Azure Cognitive Services — Speech Studio: https://speech.microsoft.com/portal

Please find more information about Azure Cognitive Services here: https://docs.microsoft.com/en-us/azure/cognitive-services/what-are-cognitive-services

In addition to the highlighted above capabilities, Microsoft Azure Cloud has many more capabilities to offer such as OpenAI (currently in Preview), Cognitive Search, Video Analyzer for Media (fka, Video Indexer), Custom Vision, Azure Machine Learning Studio, etc. All of these are perfect building blocks for rapid prototyping and bringing your solution to life quickly and with confidence.

AI/ML capabilities in the Cloud and on the Edge make it possible to implement various use cases in different industries. One of the areas of rapid growth nowadays is simulations. Simulation may have many faces from simulation of abstract processes (theoretical simulations) to simulation of particular events or object/subject behaviors (practical or applied simulations). Great advancements in XR (eXtended Reality) also contribute to the ability of developers to implement some amazing experiences using simulations (which is going to be a subject of our next article :)).

However, in this article we’ll share our experience implementing a more classic use case of a simulation of events leveraging AI/ML on an example of a classification task based on labelled data. For example, we want to implement a complex system for obtaining and analyzing crowd insights leveraging image classifiers, time-series algorithms, advanced statistical methods, etc. For the image classification part we aim to leverage SOTA Computer Vision approaches with the help of Azure Machine Learning (AML).

In our previous article (here) we’ve already shared our experiences in building image classifiers using Azure Machine Learning (AML) and its awesome AutoML feature. And in this article we’ll further narrow down the scope of our interest to the data, the process of data labelling and generation of synthetic data when it is appropriate.

Whether you are an AI/ML Engineer or a Data Scientist, you will likely agree that collecting quality data and properly (accurately) labelling it for your supervised Machine Learning tasks (including Computer Vision image classification) is a vitally needed and at the same time the most tedious process of all. We picked the crowd insights use case for illustration here because we also wanted to stress on the complexity of real-world use cases, their high demands about the diversity/representation of your training data for your solution to generalize well enough, and also the challenges you face when you need to scale your solution out.

Below diagram depicts a sample thinking process which one may go through while solving a Computer Vision image classification challenge for crowd insights use case. In this article together we’ll walk through different stages of understanding how to bring your solution from a rapid prototype (Proof of concept = POC) to an MVP (Minimal Viable Product) and all the way to a Production-grade Scalable product or project.

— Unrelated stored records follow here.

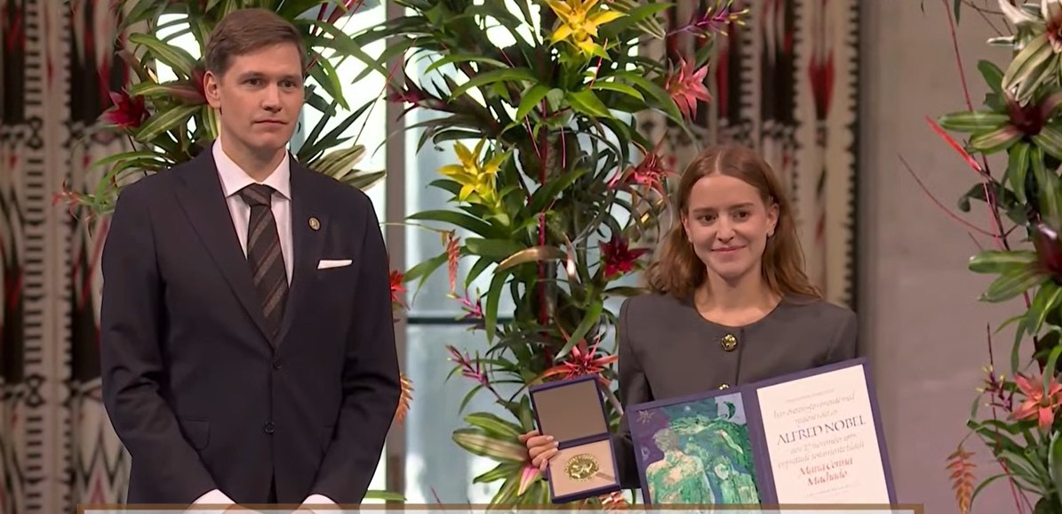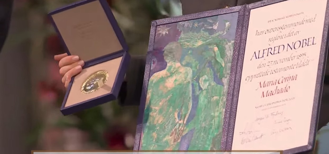 Ana Corina Sosa, hija de María Corina Machado, recibió este miércoles en el Ayuntamiento de Oslo el Nobel de la Paz en nombre de la opositora venezolana, que no ha podido viajar a Noruega a tiempo para recibir en persona el premio, aunque viajará igualmente a la capital noruega, según el Instituto Nobel. EFE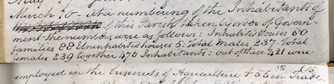 March 10 – At a numbering of the Inhabitants of this parish taken by order of Government the numbers were as follows: Inhabited Houses 80 families 88 Uninhabited houses 5: Total males 237. Total females 239 together 476 Inhabitants: out of these 421 were employed in the business of Agriculture & 55 in Trade.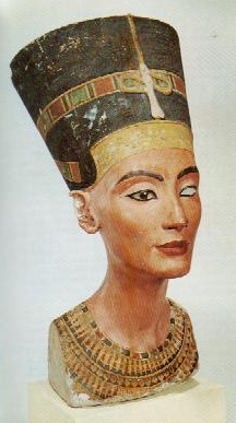 Nefertiti is often referred to in history as “The Most Beautiful Woman in the World.” The Berlin bust (above), seen from two different angles, is indeed, the most famous depiction of Queen Nefertiti. Found in the workshop of the famous and outstanding sculptor Thutmose by a German archeologist , the bust is believed to be only a sculptor’s model. After the counter-revolution almost all traces of her had been destroyed. Thutmose’s technique used a carved piece of limestone, plastered the stone core to be first and then painted. Flesh tones on the face and full lips are enhanced by a bold red give the bust life. Thutmose, may or may not have been her lover, he certainly had access and close contact to her – no man could blame him falling in love. Her graceful elongated neck balances the tall, flat-top crown which adorns her sleek head. The vibrant colors of the her necklace and crown contrast the yellow-brown of her smooth skin. While everything is sculpted to perfection, the one flaw of the piece is a broken left ear. Only a few reigns before her’s had been the reign of Hatshepsut, the most famous (but not the only) female pharaoh, which certainly might have been her role model. How this remarkable sculpture came to Berlin, is quite a(nother) story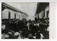 Funerales de Rubén Darío [Fotografía]. [Santiago, Chile] : [Producción no identificada], 3 de febrero de 1916. 1 fotografía : Monocromo blanco y negro, papel mate ; 12,1 x 18 cm. .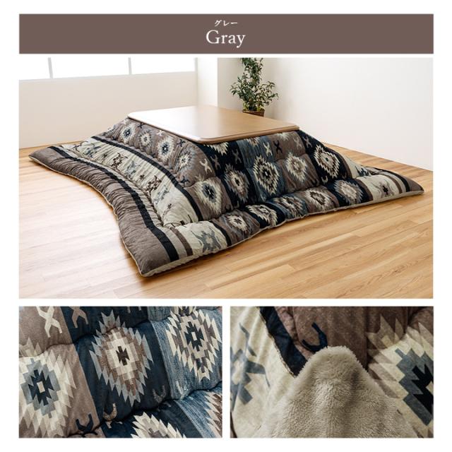 ロザン こたつ布団 長方形大 キリム 国産 フランネル 手洗い 205×285cm グレー レッド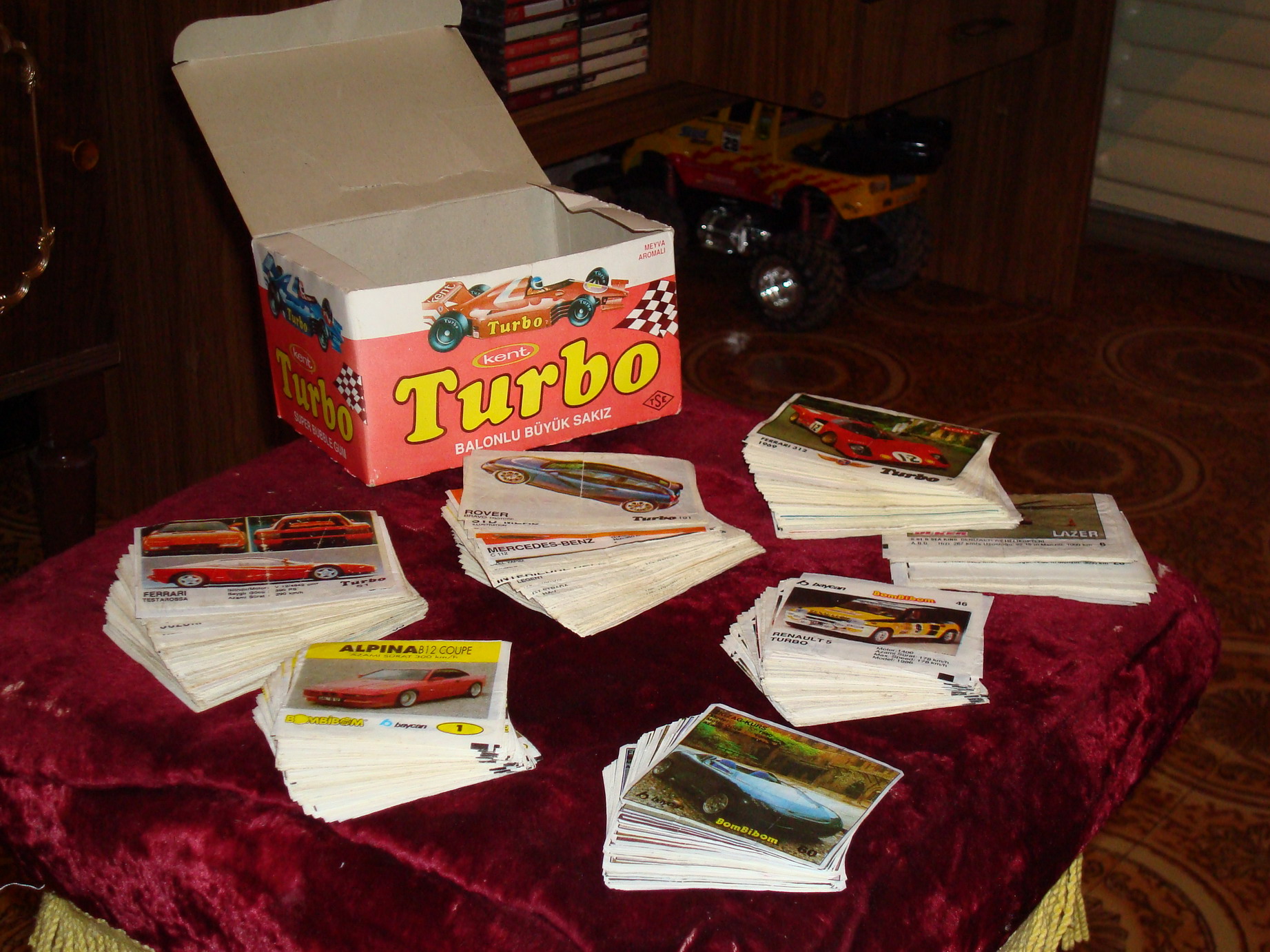 Телефон автоответчик кассетный, начала 90-х еще годов, рабочий. Значек ВЛКСМ ))) И самое популярное из увлечений 90-х, вкладыши от жевачек. Общее количество свыше 1000 разных картинок ( еще много наклеек типа BIFA и так далее). Собраны мною с 89 года по примерно 97 года. После тех лет вроде бы их уже и не продавали у нас (турбы, бомбибомы лазеры и так далее.). Сейчас к сожалению подобного не продают, а продаются одни орбиты и спёрминты, которые даже не надуваются. -------------------- Пропаганда не делает из людей идиотов, она изначально на них рассчитана.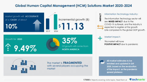 LONDON--(BUSINESS WIRE)--The human capital management (HCM) solutions market is poised to grow by USD 11.13 billion during 2020-2024, progressing at a CAGR of about 10% during the forecast period.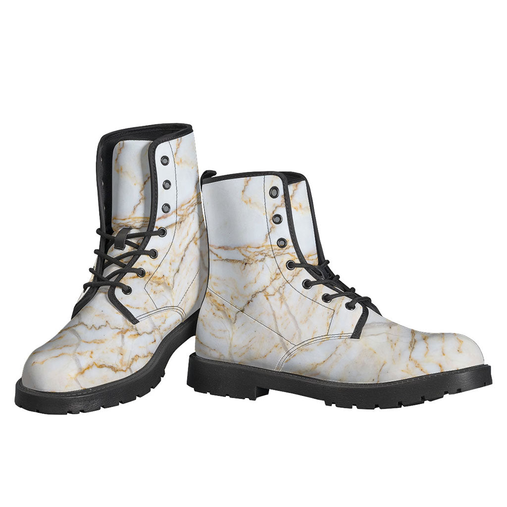 White Brown Grunge Marble Print Leather Boots for the Hippie Soul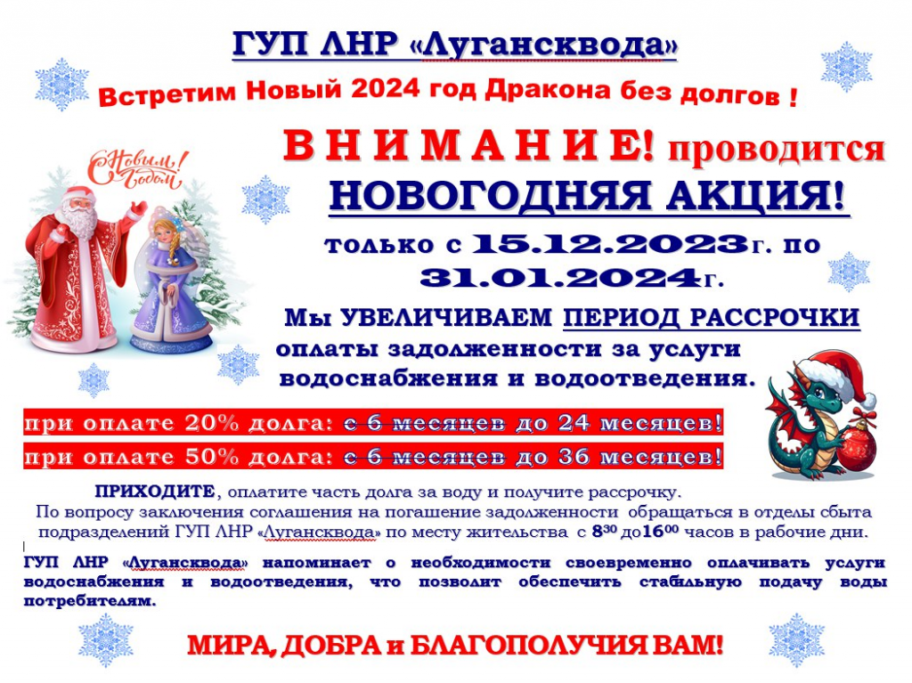 НОВОГОДНЯЯ АКЦИЯ! Запись опубликована:25.12.2023 Рубрика записи:Новостной блок / Полезная информация Вам также может понравиться Информация для жителей города Ровеньки 30.05.2022 Информация для жителей Республики! 14.11.2025 Из-за аварии на водоводе прекращено водоснабжение ряда кварталов и улиц Луганска 01.08.2019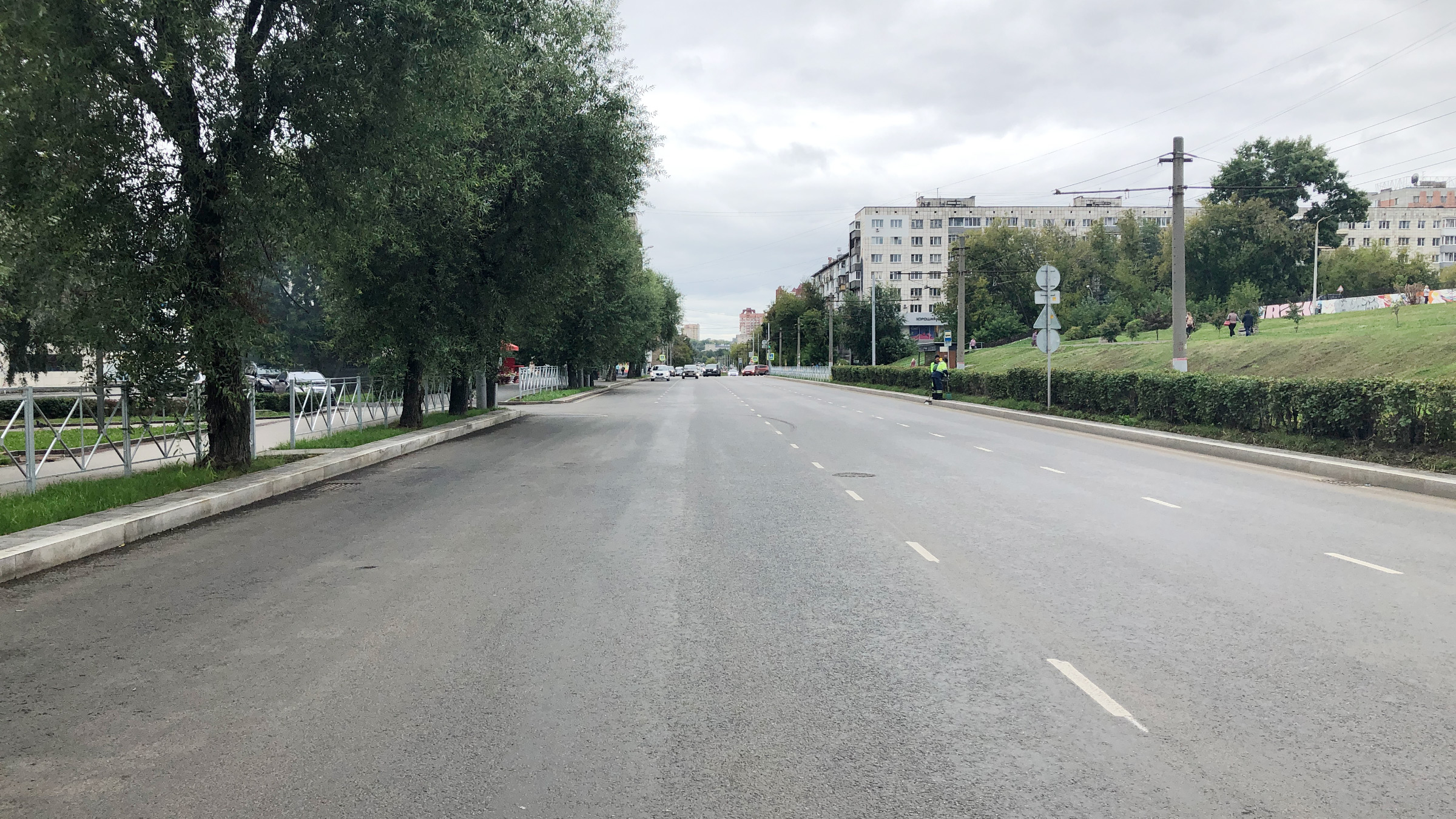 Здесь ремонт также проводили комплексно. Компания-подрядчик «СК Атриум» не только обновила дорожное полотно, но и заменила бордюрный камень, ограждения, тротуарную плитку на трамвайных платформах, отремонтировала верхние строения канализационных колодцев, засеяла газоны.

Illustration of the thinking process to facilitate labelled data acquisition for ML

First, we just got a task on-hand and we’re eager to get going to proof the point that our solution works on the data we’ve acquired (assuming this data is in sufficient quantity and quality). Based on the textbook guidance, we’ll get to the data labelling before we can train our image classifier (on the train set) and test it (on the test set).

Manual Labelling

By using Azure Machine Learning (AML) Data Labelling feature we can set up a Labelling project and manually label our data samples. Depending on the number of classes for image classification, you may need to label quite a bunch of images to have a sufficient representation for each class and ensure reliable inference results. For example, Azure Custom Vision portal suggests you to have minimum ~50 images per class to have somewhat reliable inference results (obviously, this number is a simple quantitative measure, not the qualitative one, that’s why “somewhat”). The process of data labelling is a tedious process, and when you’ve just thought that you are done with labelling data for a particular scene in question, you discover that you’ll need to take care of another scene — and here you go again labelling data for that scene. Needless to mention, that the environmental characteristics, lighting conditions, image quality, etc. may vary from scene to scene which makes your labelling efforts a moving target. Then you start thinking: maybe I should outsource this work to someone else? This could be an option, but is there a better way? Or maybe I should be using Object Detection approach instead of Image Classification approach, or even use some already pretrained models? All of these are legitimate concerns. We’ll keep exploring them in the next section.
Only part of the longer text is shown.